Exercise data below:

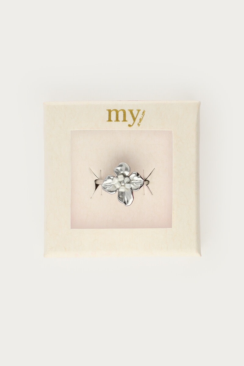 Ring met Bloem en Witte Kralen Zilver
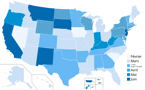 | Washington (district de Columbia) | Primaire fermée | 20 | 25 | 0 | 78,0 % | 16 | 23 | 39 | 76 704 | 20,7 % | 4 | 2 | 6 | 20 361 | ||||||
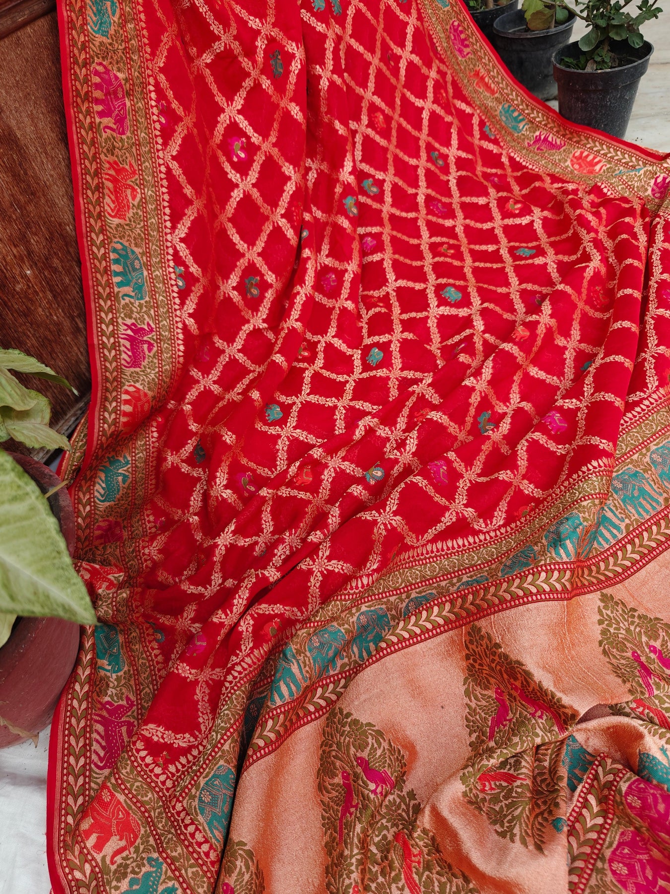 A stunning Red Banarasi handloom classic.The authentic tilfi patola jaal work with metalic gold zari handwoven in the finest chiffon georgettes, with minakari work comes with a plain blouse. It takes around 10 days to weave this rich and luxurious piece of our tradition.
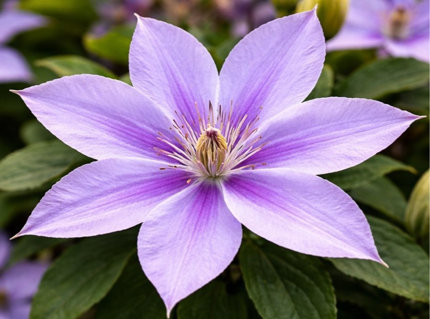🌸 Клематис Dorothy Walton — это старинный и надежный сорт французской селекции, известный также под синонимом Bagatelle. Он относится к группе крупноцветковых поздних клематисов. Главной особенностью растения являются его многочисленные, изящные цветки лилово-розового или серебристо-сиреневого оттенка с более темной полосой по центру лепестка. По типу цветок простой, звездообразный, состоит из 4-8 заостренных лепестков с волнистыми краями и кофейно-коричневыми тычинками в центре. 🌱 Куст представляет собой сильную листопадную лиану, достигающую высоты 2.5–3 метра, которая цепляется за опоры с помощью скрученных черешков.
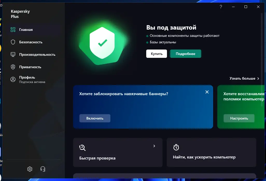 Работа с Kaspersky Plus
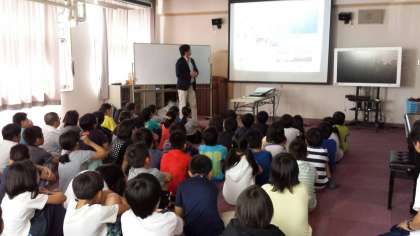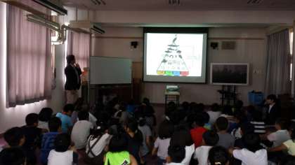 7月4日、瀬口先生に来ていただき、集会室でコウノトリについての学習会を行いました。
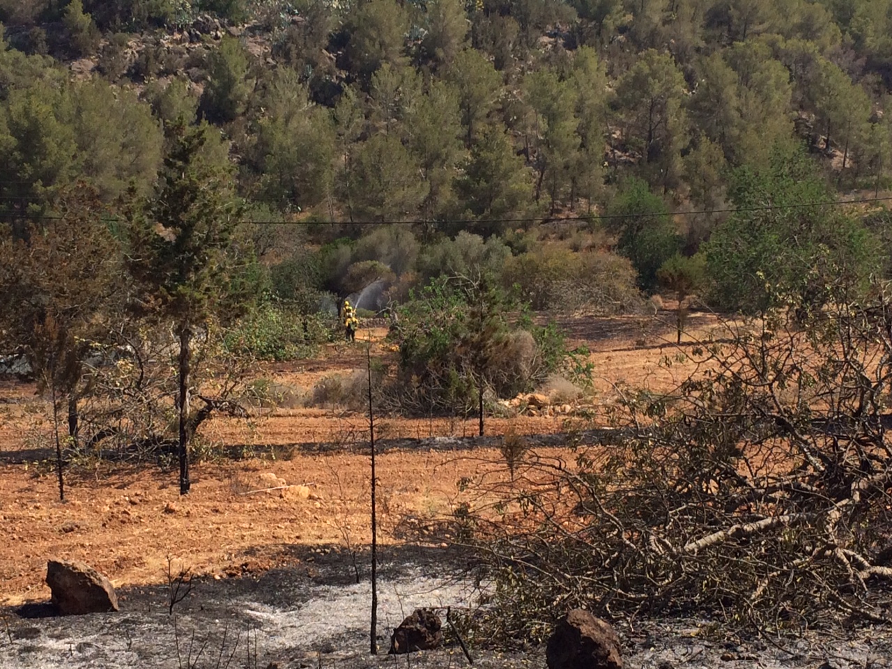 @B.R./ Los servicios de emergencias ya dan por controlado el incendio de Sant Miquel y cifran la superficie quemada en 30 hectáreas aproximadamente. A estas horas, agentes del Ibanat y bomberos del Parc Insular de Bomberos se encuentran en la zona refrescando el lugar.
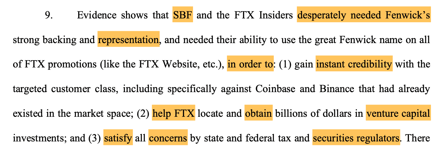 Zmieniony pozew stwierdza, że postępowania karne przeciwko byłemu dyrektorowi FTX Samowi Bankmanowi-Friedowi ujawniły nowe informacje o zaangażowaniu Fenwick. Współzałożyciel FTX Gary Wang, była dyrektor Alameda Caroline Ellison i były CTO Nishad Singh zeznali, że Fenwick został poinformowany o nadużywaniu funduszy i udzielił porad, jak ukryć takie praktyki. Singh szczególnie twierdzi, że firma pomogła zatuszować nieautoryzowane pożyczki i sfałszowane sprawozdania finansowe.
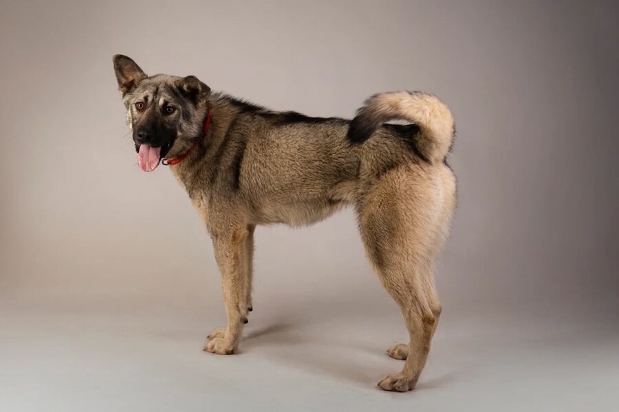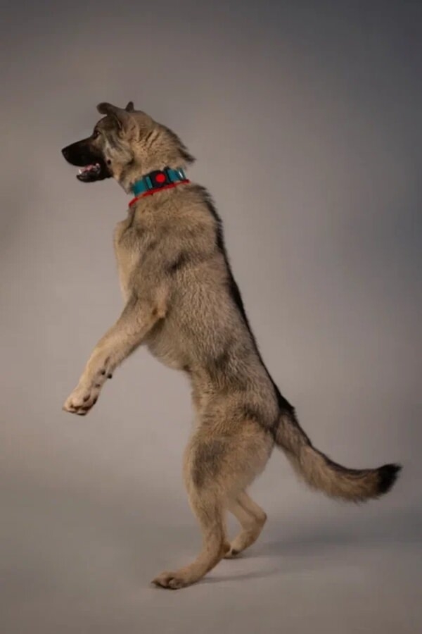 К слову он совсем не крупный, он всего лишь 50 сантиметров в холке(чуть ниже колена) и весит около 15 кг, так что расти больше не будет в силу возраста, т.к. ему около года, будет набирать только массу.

End of Exercise data.

* _Exercise_:
Starting at the first line of the material above and ending with the line that contains "A stunning Red", reproduce every line exactly, and leave out the pictures.

* _Exercise output_:
 Ring met Bloem en Witte Kralen Zilver
 | Washington (district de Columbia) | Primaire fermée | 20 | 25 | 0 | 78,0 % | 16 | 23 | 39 | 76 704 | 20,7 % | 4 | 2 | 6 | 20 361 | ||||||
 A stunning Red Banarasi handloom classic.The authentic tilfi patola jaal work with metalic gold zari handwoven in the finest chiffon georgettes, with minakari work comes with a plain blouse. It takes around 10 days to weave this rich and luxurious piece of our tradition.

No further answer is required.